• **INFORMATION PROVIDED**
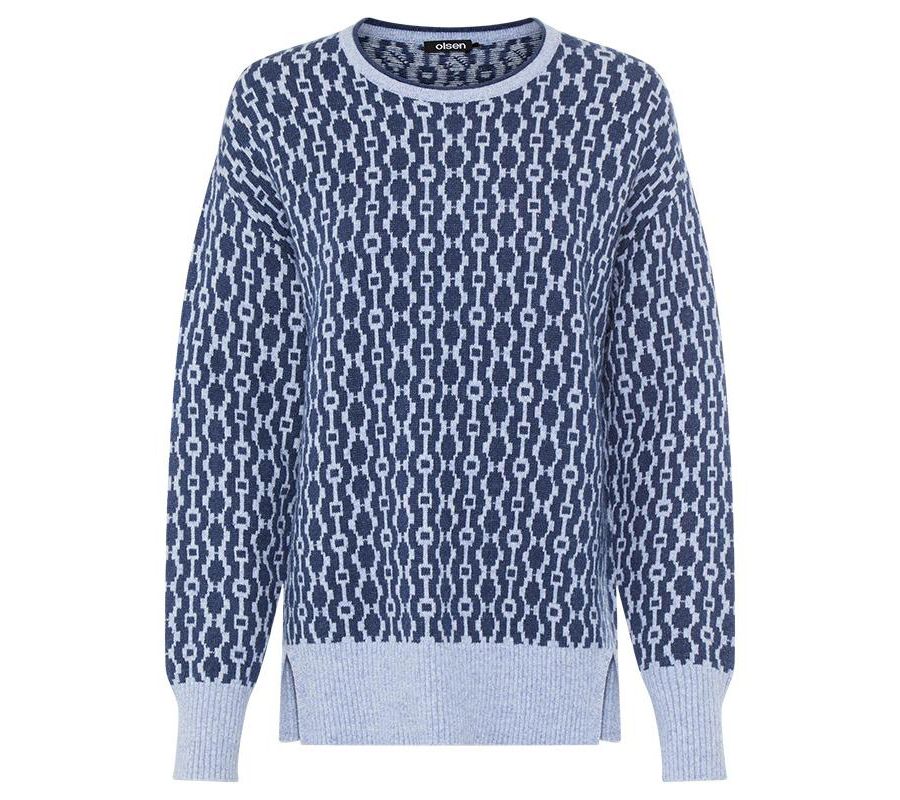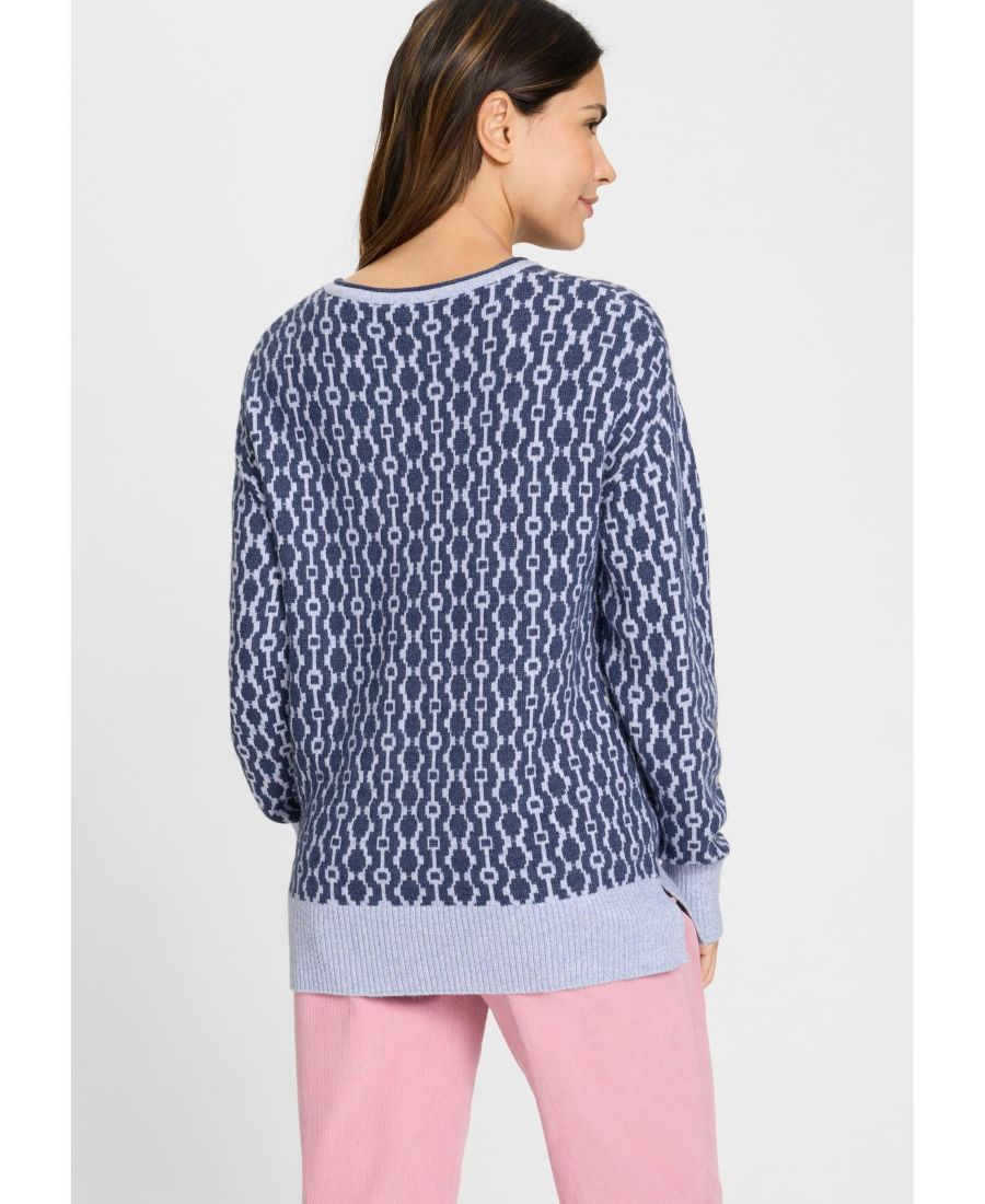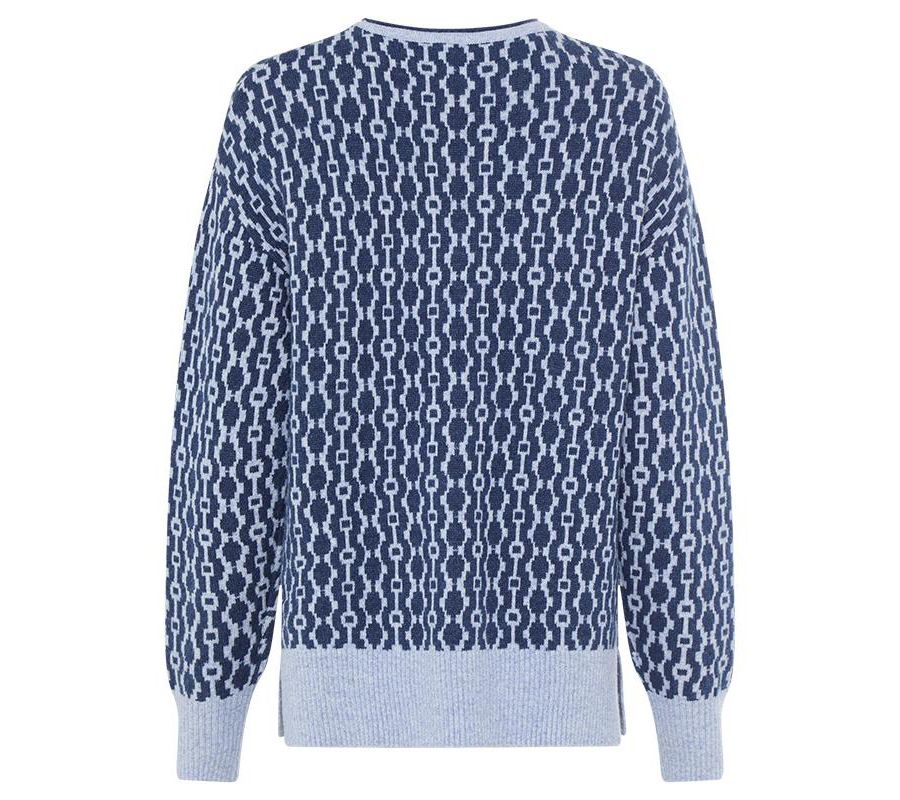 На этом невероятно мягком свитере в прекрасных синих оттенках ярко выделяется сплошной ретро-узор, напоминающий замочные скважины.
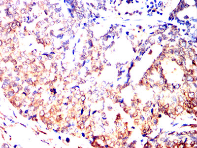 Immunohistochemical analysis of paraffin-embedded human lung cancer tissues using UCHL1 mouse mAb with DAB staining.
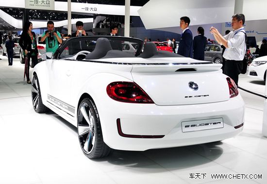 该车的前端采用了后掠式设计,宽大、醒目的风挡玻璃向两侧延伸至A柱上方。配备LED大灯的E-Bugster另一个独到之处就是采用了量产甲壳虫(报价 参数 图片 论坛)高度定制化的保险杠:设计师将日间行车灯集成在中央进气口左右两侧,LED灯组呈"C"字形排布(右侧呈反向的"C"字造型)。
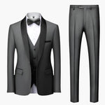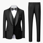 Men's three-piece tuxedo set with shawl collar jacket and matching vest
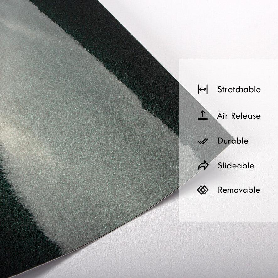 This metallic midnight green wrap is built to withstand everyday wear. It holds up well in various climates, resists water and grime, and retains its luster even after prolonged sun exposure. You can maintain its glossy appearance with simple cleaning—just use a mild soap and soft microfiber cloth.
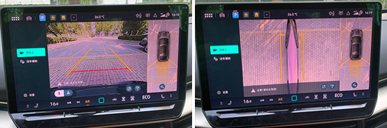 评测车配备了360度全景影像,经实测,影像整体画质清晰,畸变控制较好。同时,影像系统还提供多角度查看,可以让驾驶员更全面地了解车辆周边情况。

• **WORK TO BE COMPLETED**
Exactly as they appear, please return only the lines from the first line of the records through the line containing "Men's three-piece tuxedo", both included, leaving out all pictures.

• **ANSWER TO THIS TASK**
 На этом невероятно мягком свитере в прекрасных синих оттенках ярко выделяется сплошной ретро-узор, напоминающий замочные скважины.
 Immunohistochemical analysis of paraffin-embedded human lung cancer tissues using UCHL1 mouse mAb with DAB staining.
 该车的前端采用了后掠式设计,宽大、醒目的风挡玻璃向两侧延伸至A柱上方。配备LED大灯的E-Bugster另一个独到之处就是采用了量产甲壳虫(报价 参数 图片 论坛)高度定制化的保险杠:设计师将日间行车灯集成在中央进气口左右两侧,LED灯组呈"C"字形排布(右侧呈反向的"C"字造型)。
 Men's three-piece tuxedo set with shawl collar jacket and matching vest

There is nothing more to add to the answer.